Business man Intention to set up in business partnership Refusal of aplication on grounds which did not allege that appellant was not devoting assets of his own to the business Whether adjudicator and Tribunal had right or duty to refer to this aspect of the relevant rule and base their determinations on it Immigration Appeals (Notices) Regulations 1972 (S.I. 1972 No. 1683), regs 3(1), 4(1)(a) HC 80, para 21.

Business man Intention to set up in business partnership Refusal of application in May 1978 Appeal in 1980 Determination to be based on position in May 1978 Subsequent facts to be taken into account only as a guide to deciding what might have been reasonably expected from the standpoint of 1978 Immigration Act 1971, s 19(1) HC 80, para 21.

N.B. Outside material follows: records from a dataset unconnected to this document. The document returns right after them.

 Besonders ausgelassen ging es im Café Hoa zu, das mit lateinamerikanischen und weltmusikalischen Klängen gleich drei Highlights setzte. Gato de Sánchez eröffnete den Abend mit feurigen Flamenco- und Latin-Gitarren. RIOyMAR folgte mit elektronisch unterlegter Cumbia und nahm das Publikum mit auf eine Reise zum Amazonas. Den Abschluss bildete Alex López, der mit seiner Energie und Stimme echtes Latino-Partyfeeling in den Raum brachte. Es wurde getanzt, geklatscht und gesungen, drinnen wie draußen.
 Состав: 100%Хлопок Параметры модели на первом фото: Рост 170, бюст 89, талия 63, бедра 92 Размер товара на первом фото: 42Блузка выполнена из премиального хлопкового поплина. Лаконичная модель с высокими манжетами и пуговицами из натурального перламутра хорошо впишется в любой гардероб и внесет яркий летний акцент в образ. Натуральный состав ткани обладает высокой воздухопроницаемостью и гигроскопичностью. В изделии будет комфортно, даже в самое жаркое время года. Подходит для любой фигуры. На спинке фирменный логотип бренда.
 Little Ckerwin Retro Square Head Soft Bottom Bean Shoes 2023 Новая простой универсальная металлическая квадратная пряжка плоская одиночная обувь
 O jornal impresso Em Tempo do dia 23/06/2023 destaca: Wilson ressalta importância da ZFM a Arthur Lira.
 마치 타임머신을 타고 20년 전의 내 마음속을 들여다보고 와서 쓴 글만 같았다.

When hearing appeals under the Immigration Act 1971 the immigration appellate authorities are required under s 19(1) (the adjudicators) and s 20(1) (the Tribunal) to consider whether the decision of the immigration authority which is appealed was not in accordance withany immigration rules applicable to the case.1

Thus in the present case concerning an appeal against a decision of the Secretary of State, refusing an application for leave to set up as a business man, the Divisional Court held that the adjudicator and the Tribunal were entitled to take into account a reason which might have justified refusal of that application under para 21 of HC 802, though that reason had not figured in the statutory notice of refusal which had specified a number of other reasons for refusal contained in that relevant rule.

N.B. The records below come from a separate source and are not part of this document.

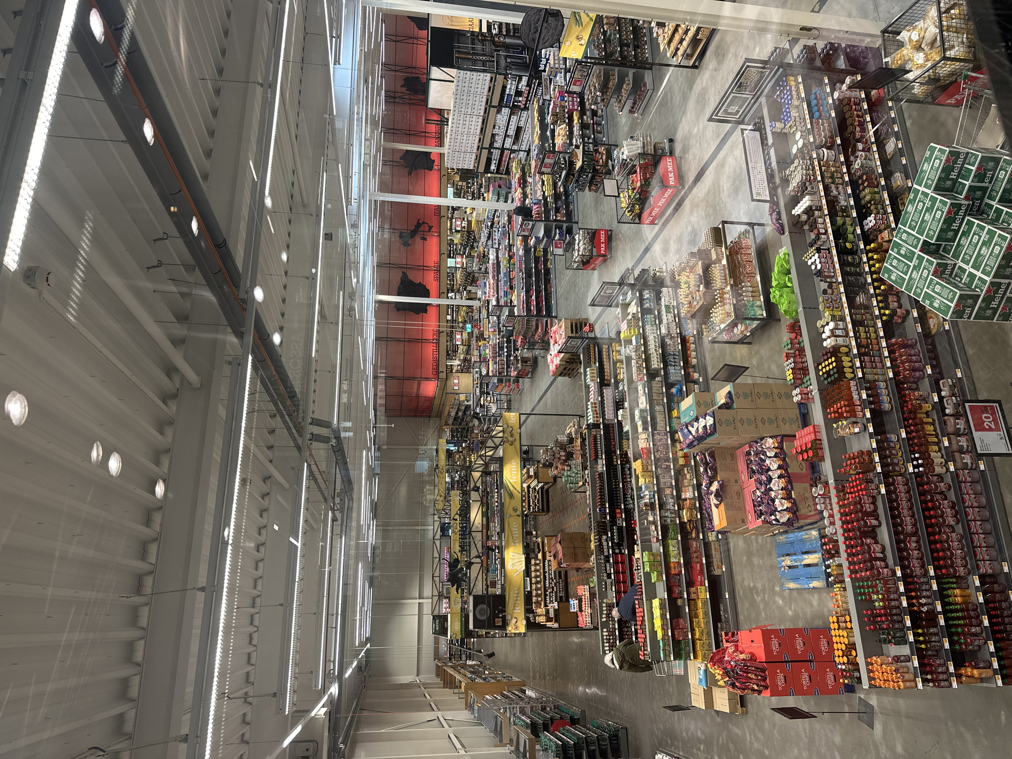 The image captures a high-angle view of the interior of a large supermarket, specifically identified as Flevo Food Market located at S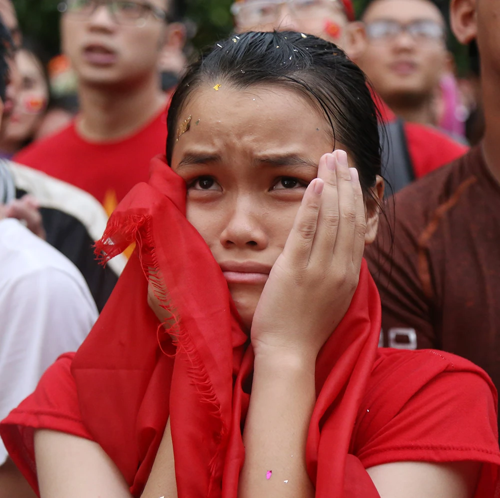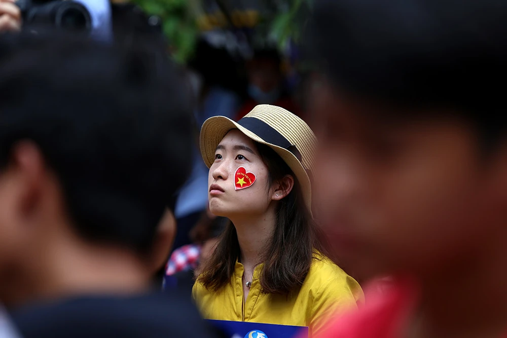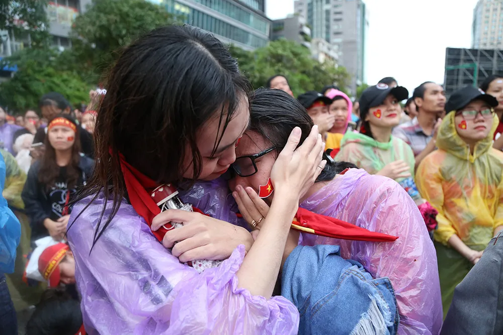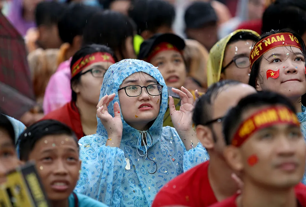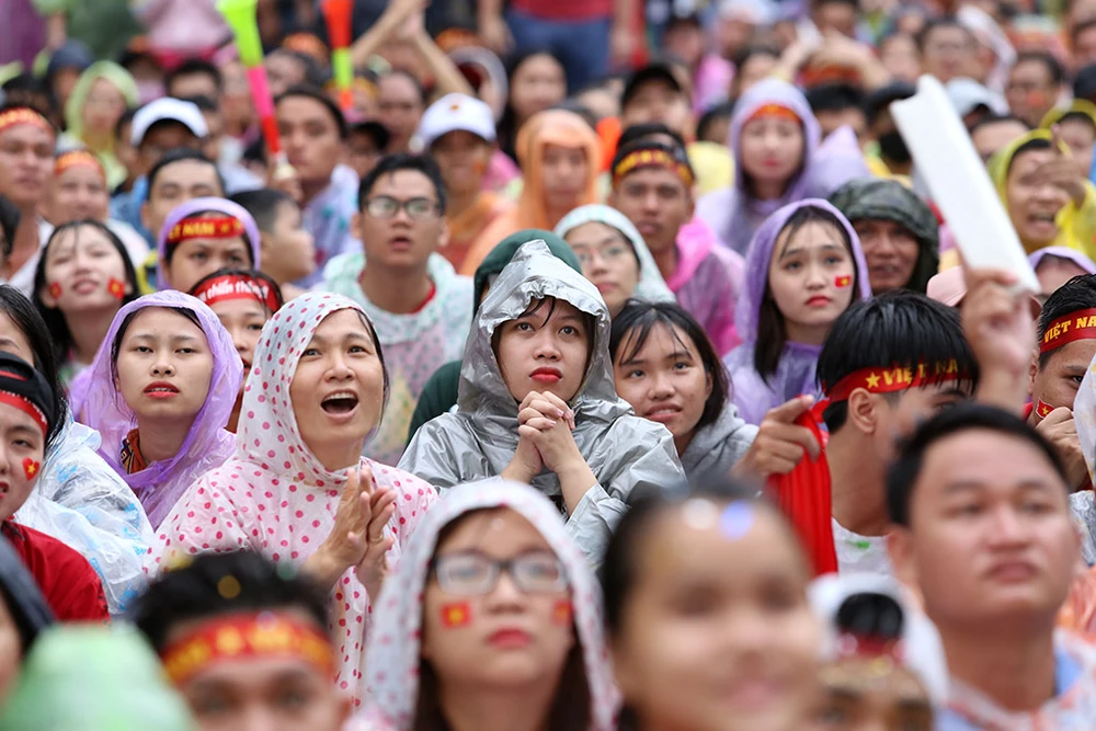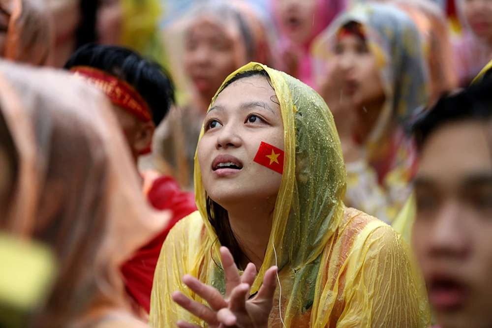 Cùng ngắm những bóng hồng xinh đẹp diện áo cờ đỏ sao vàng, đeo khẩu hiệu Việt Nam chiến thắng, đội mưa để cổ vũ đội tuyển: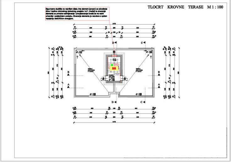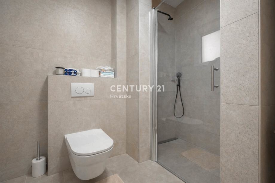 Posebnu vrijednost stanu daje krovna terasa površine približno 50 m2 s otvorenim pogledom na more. Pogled na more ima i terasa uz dnevni boravak. Stan ima još dvije terase manjih površina.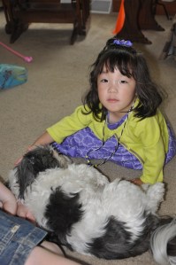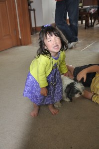 She loves the puppies!!! Actually she loves to drag them by one paw around the room, but it’s a start! She loves squealing and pretending they are chasing her!!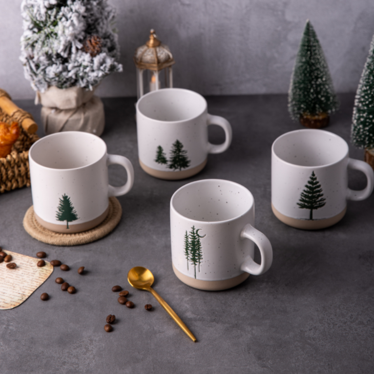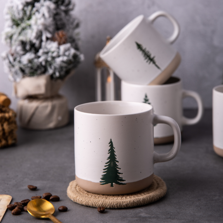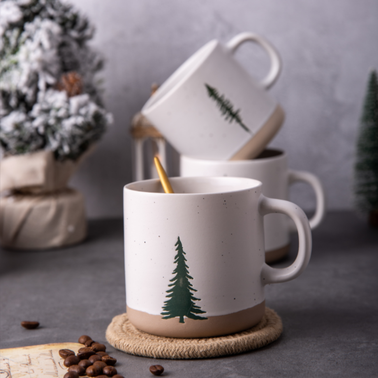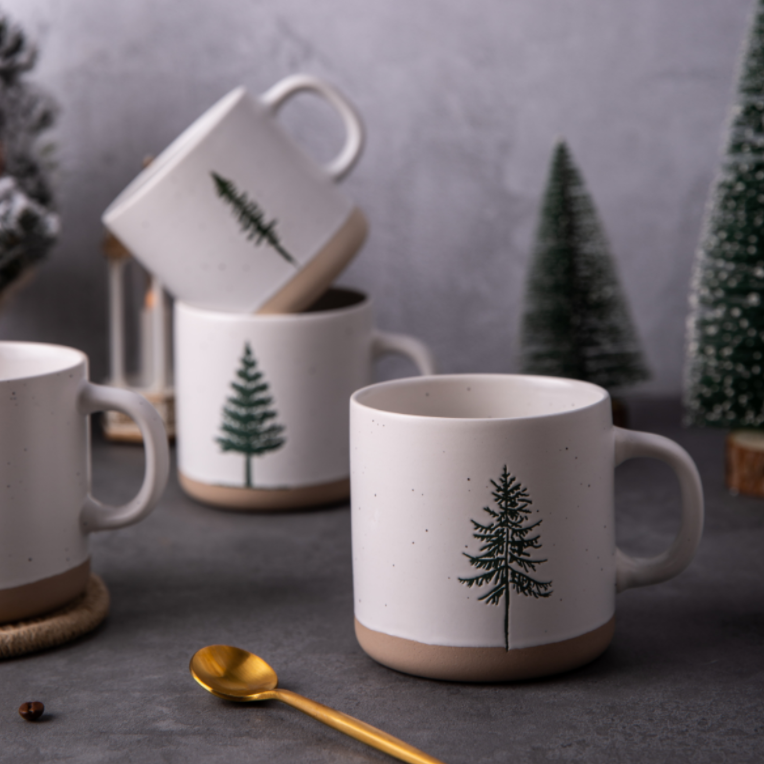 Factory Direct Sale Two Tone Ceramic Mug Xmas Design Popular Stoneware Coffee Mugs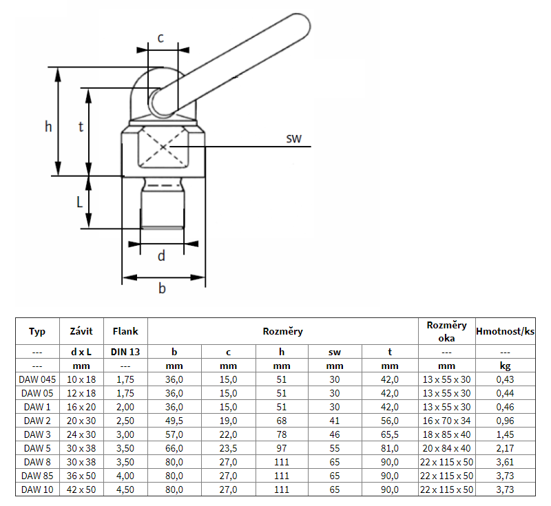 - Vázací bod DAW lze upevnit pomocí šestihranného klíče nebo francouzského klíče

Per curiam: The immigration appellate authorities were required to look at the whole of any relevant rule to see whether the circumstances of a particular case appeared to comply with it; if some part of it had not been specifically referred to in the notice of reasons for refusal that did not remove that duty or right from the adjudicator or Tribunal (p 219).

However, if on any appeal such a matter was raised, whether by the representative of the immigration authority or by the adjudicator or Tribunal of its own motion, it might be that an adjournment of the hearing would be necessary so that the appellantif not ready to meet the particular pointshould have a proper opportunity to consider whether to call further evidence and/or to think about further argument.

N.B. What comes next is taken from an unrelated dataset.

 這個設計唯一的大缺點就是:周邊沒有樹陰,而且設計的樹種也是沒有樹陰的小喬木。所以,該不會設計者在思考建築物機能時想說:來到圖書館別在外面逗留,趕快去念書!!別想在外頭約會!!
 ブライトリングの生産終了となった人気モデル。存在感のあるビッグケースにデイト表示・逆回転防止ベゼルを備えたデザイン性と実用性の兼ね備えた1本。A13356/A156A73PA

The Court (quashing the decision of the Tribunal) held that the Tribunal was not entitled to overturn the findings of fact made by the adjudicator on two issues in this case, because (i) the finding that the appellant's claimed capital from his father was a free gift, and not simply an investment by his father in an existing business to secure employment for his son, was a finding based on the adjudicator's view that the evidence of the witnesses called before him on this point was worthy of credit; and (ii) the finding that the firm was viable and the liabilities incurred were largely secured was not shown to be wrongly based (p 223).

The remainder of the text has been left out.